> Entries provided:
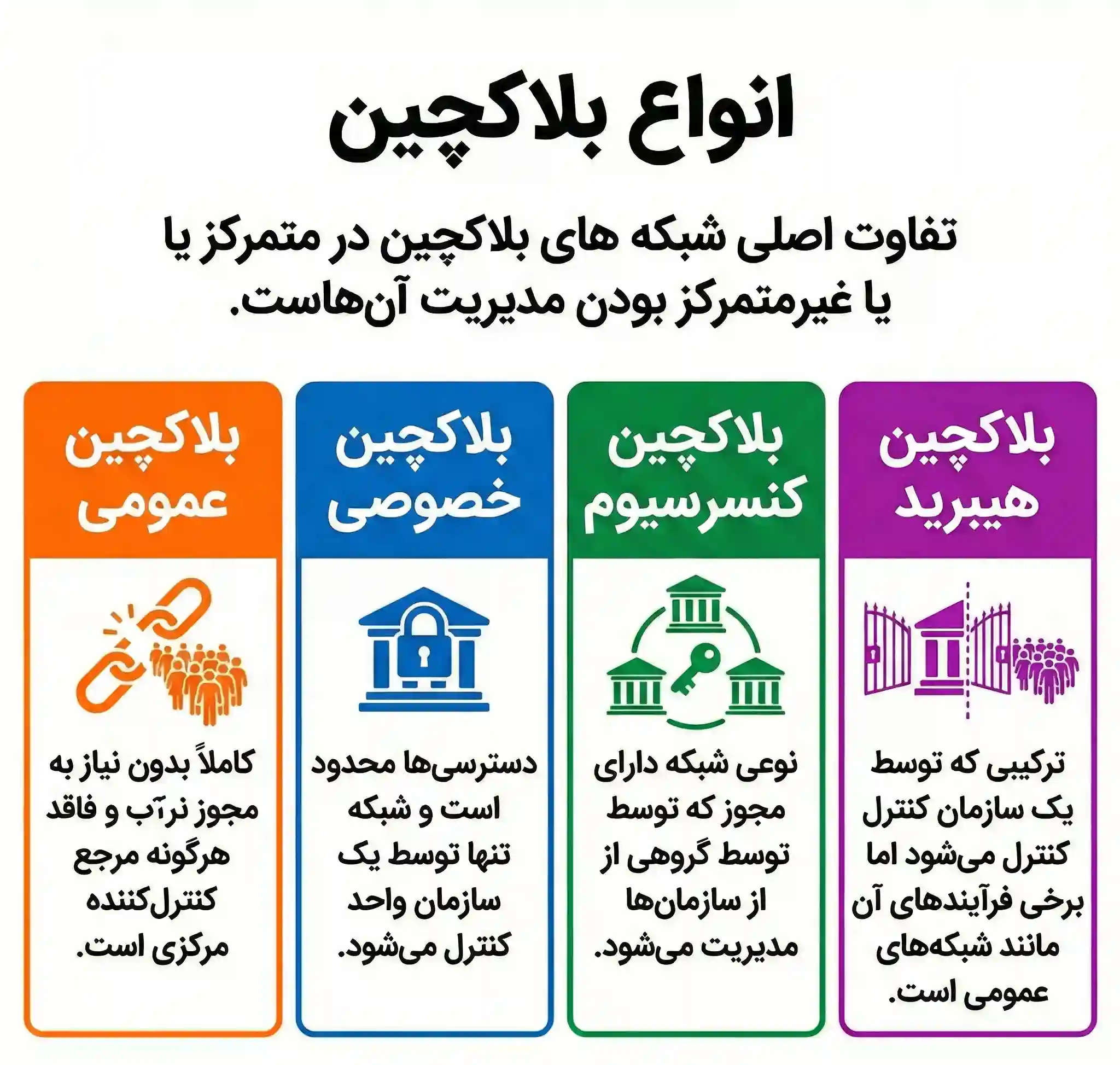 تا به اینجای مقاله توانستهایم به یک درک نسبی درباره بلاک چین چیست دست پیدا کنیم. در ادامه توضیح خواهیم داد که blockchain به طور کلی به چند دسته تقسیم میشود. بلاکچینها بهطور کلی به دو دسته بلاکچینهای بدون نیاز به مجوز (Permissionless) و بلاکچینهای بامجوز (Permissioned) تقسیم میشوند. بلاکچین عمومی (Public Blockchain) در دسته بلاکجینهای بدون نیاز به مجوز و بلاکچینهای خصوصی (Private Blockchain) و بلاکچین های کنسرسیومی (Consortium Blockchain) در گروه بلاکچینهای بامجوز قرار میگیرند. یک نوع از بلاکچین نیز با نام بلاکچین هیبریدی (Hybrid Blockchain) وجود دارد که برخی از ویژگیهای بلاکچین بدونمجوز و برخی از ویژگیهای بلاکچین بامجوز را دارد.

...

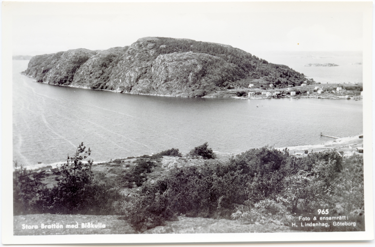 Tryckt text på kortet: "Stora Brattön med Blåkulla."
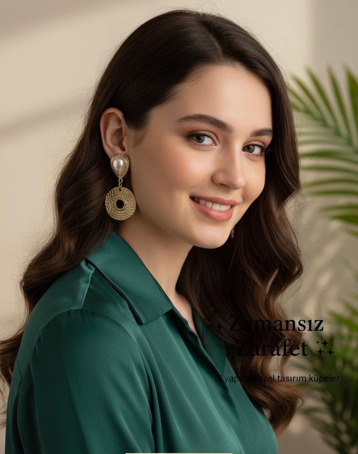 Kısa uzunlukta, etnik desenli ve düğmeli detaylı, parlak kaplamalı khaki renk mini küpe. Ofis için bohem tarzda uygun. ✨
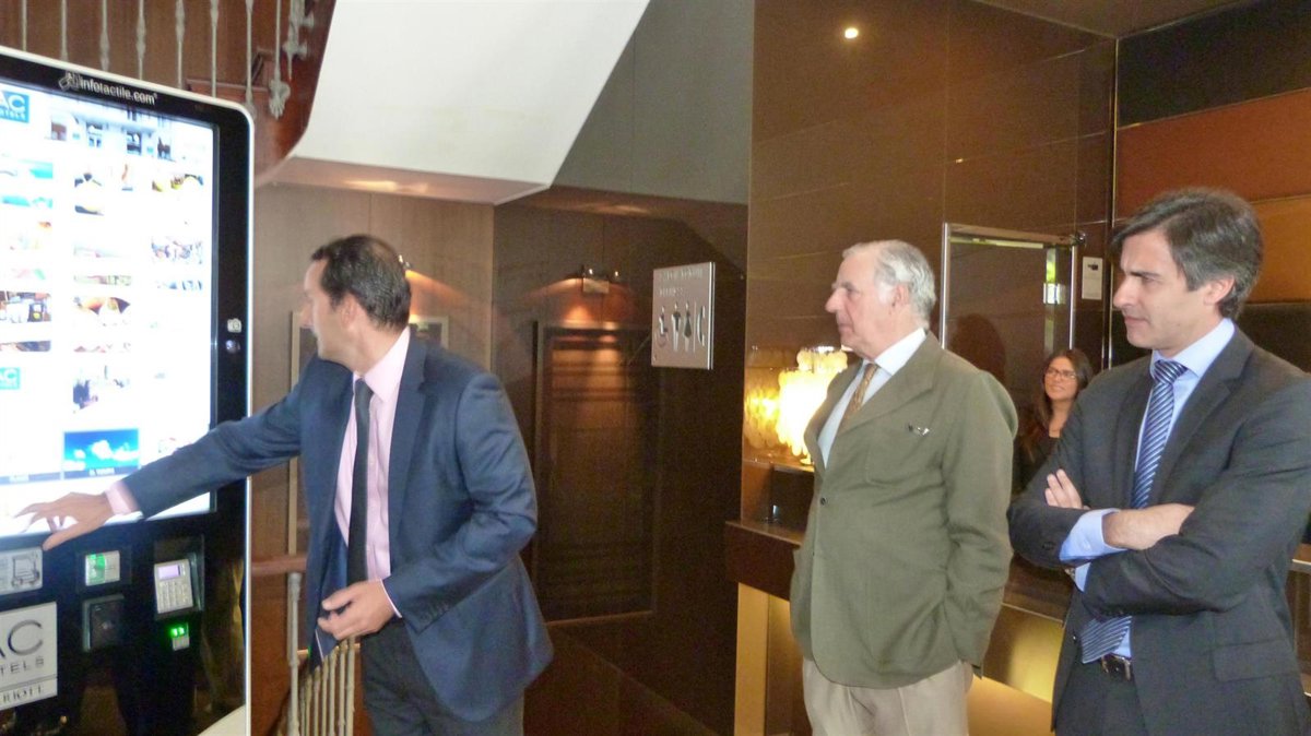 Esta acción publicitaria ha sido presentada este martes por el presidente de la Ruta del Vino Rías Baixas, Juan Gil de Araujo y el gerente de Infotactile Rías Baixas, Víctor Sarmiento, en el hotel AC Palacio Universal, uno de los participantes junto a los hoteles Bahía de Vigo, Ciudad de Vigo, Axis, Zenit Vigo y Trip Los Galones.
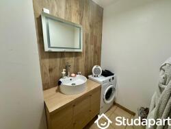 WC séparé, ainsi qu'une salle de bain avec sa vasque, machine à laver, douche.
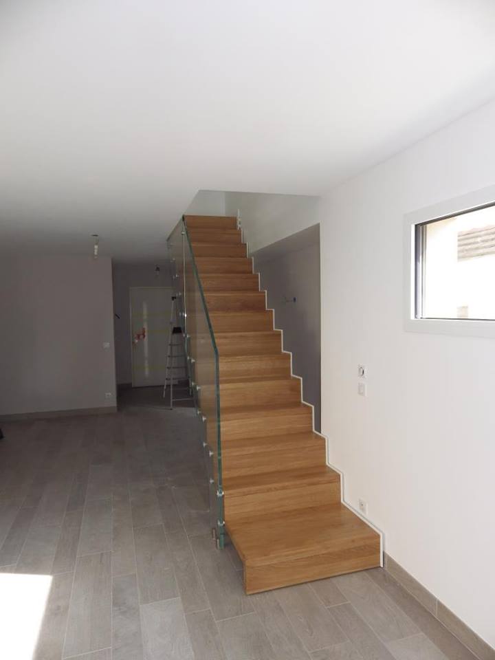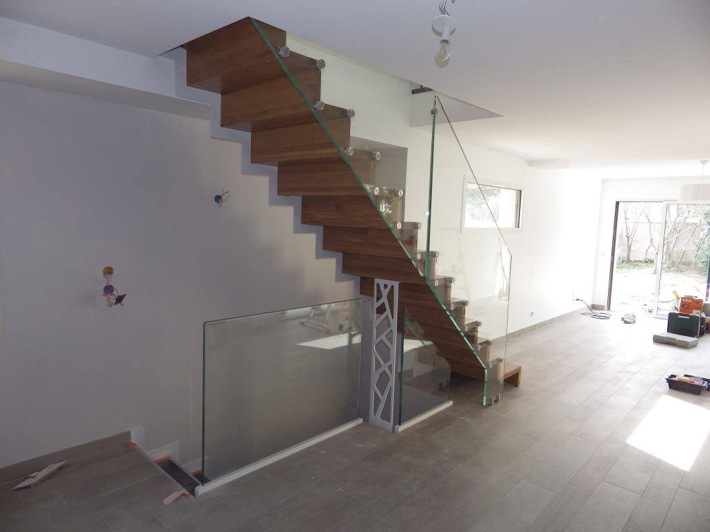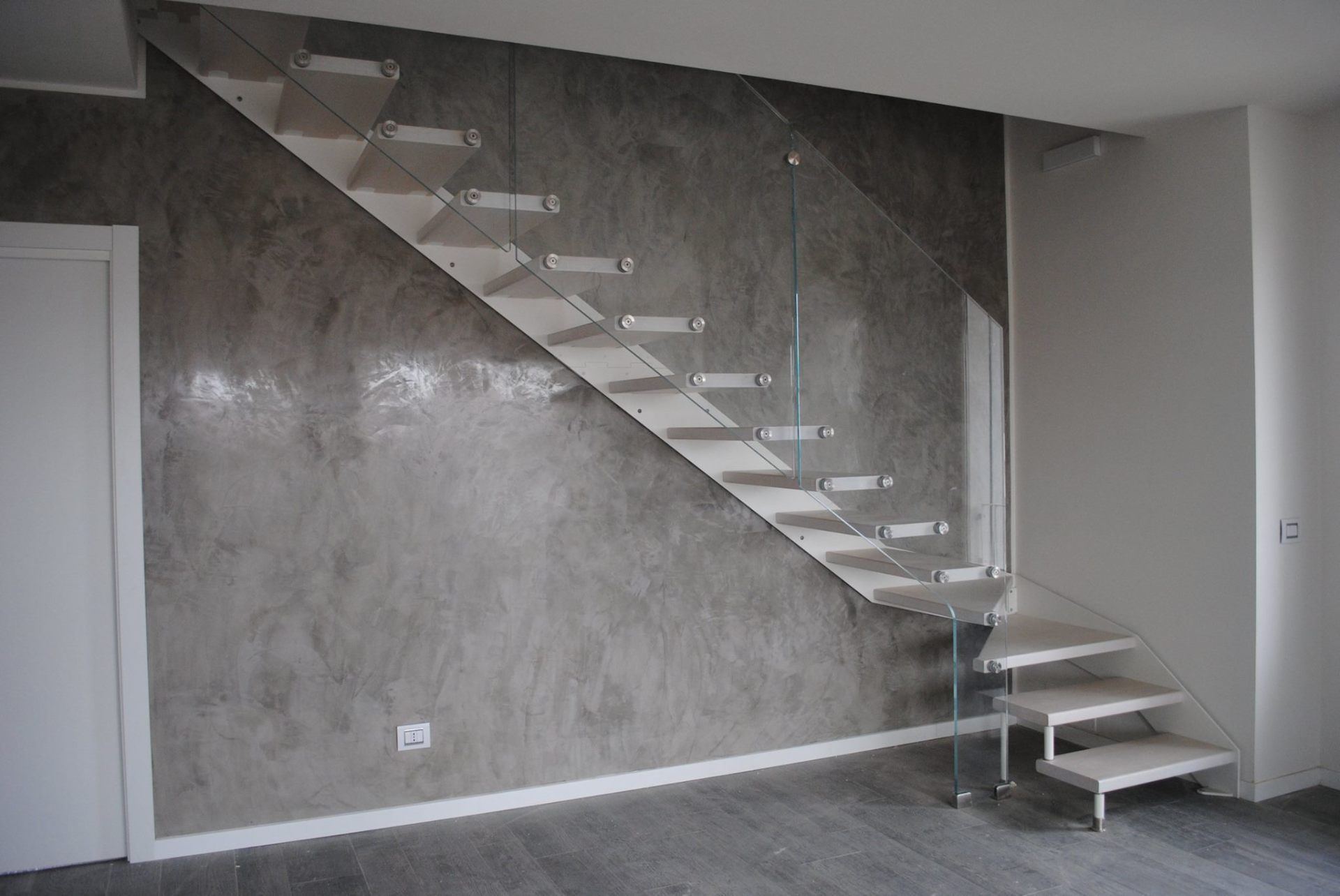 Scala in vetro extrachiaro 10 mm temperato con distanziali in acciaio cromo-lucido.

> Activity: A clean copy is needed of the lines above from the one with "WC séparé, ainsi" up to and including the one with "Scala in vetro". Please set it down exactly, with no pictures.

> Response to the task:
 WC séparé, ainsi qu'une salle de bain avec sa vasque, machine à laver, douche.
 Scala in vetro extrachiaro 10 mm temperato con distanziali in acciaio cromo-lucido.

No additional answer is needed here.